PIE, or a variation of PIE, or some other structure?

 Do any of the paragraphs do surprising things, or challenge your idea of what a paragraph should be?

(over)

Sentences:

 Length: Are they all the same length, are there different lengths? What’s the average sentence length? Is there a lot of contrast between short and long sentences? What is the effect of this?

 Sentence rhythm and sounds: Read some sentences aloud. How do the rhythms and sounds of the sentences reflect or enhance the meaning? Does the music of the sentence dramatize the idea in the sentence?

 Grammatical structure of sentences: Are there a lot of single-clause sentences?

Are there a lot of compound sentences (clauses joined by coordinating conjunctions)? Are there a lot of subordinated clauses (review our list of the different kinds of conjunctions)? How does the author’s choice of sentence types reflect the meaning?

Coordination, parallelism, repetition: Within sentences, are there lists of things, or elements presented in a series? Are words or phrases repeated within sentences or from sentence to sentence? What is the effect of this?

Words

Level of vocabulary: Is it fancy or plain or somewhere in between? Do you think it is average for the audiences of the time, or might it have been fancy or plain to those audiences as well?

Length of words: Are there a lot of long words? A lot of short words? Are there any series of many short words in a row? Or many long words in a row? What is the effect of this?

Verbs: What particularly active and precise verbs do you notice?

Nouns: What particularly strong and specific nouns do you notice?

Adjectives and adverbs: Are there a lot of them? A few of them? Do any of them particularly stand out as adding valuable meaning?

Literary Devices

 Metaphor and simile: Does the writing contain a lot of metaphor and simile?

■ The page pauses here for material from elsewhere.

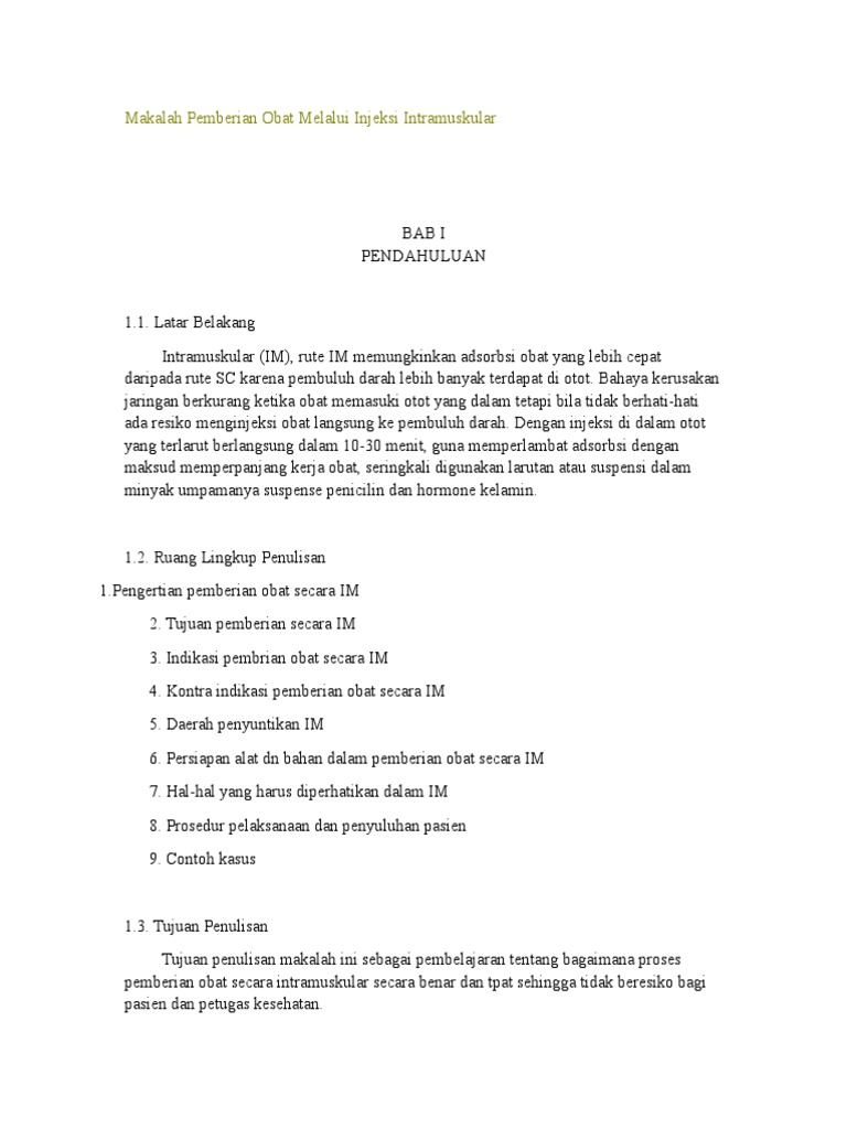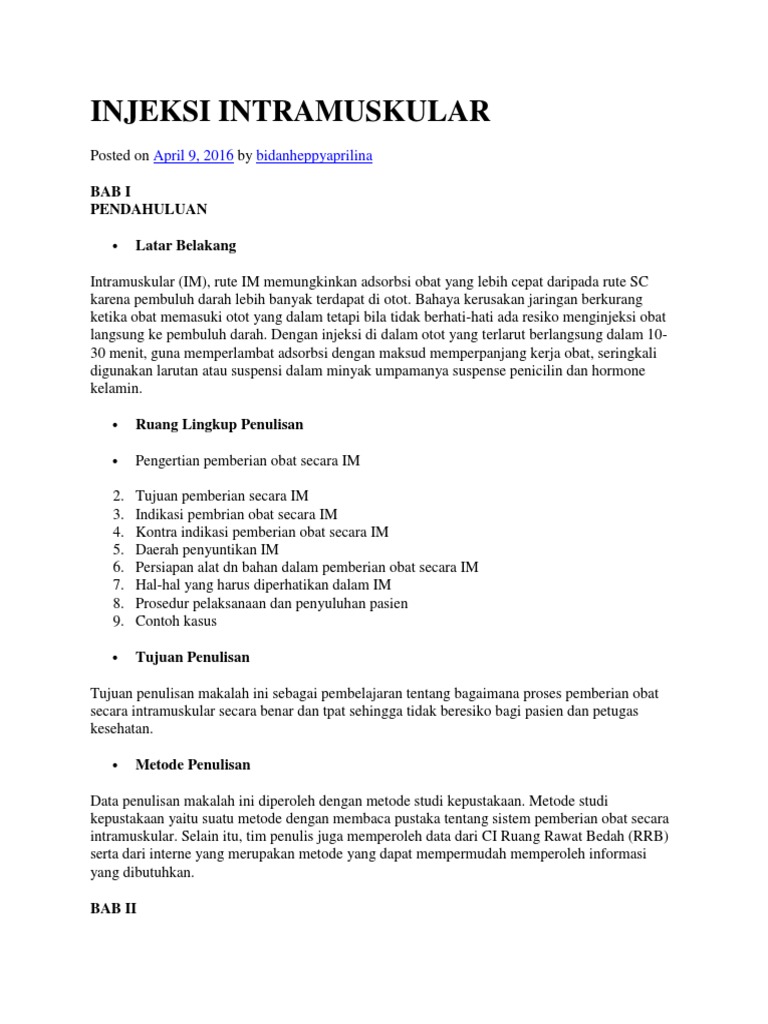 Bab i pendahuluan latar belakang intramuskular im rute im memungkinkan adsorbsi obat yang lebih cepat daripada rute sc karena pembuluh darah lebih banyak terdapat di otot. Pengertian injeksi intravena pemberian obat dengan cara memasukkan obat ke dalam pembuluh darah vena dengan menggunakan spuit. Kapas alkohol dalam kom secukupnya perlak dan pengalas. 25 27 g dan panjang 1 inci untuk anak anak bak spuit 1.

What are some specific examples and how are these apt for the purpose?

 Sensory imagery: Does the writing contain a lot of specific sensory imagery?

What are some specific examples and how do these enhance meaning?

 Symbol: Do any of the elements in the writing rise to the level of symbol, standing for something greater than themselves, something that perhaps reflects a deeper meaning for the whole piece?

 Literary or historical allusion: Does the essay contain references to literary works or historical events? Why does the author do this, and what is its effect in the essay?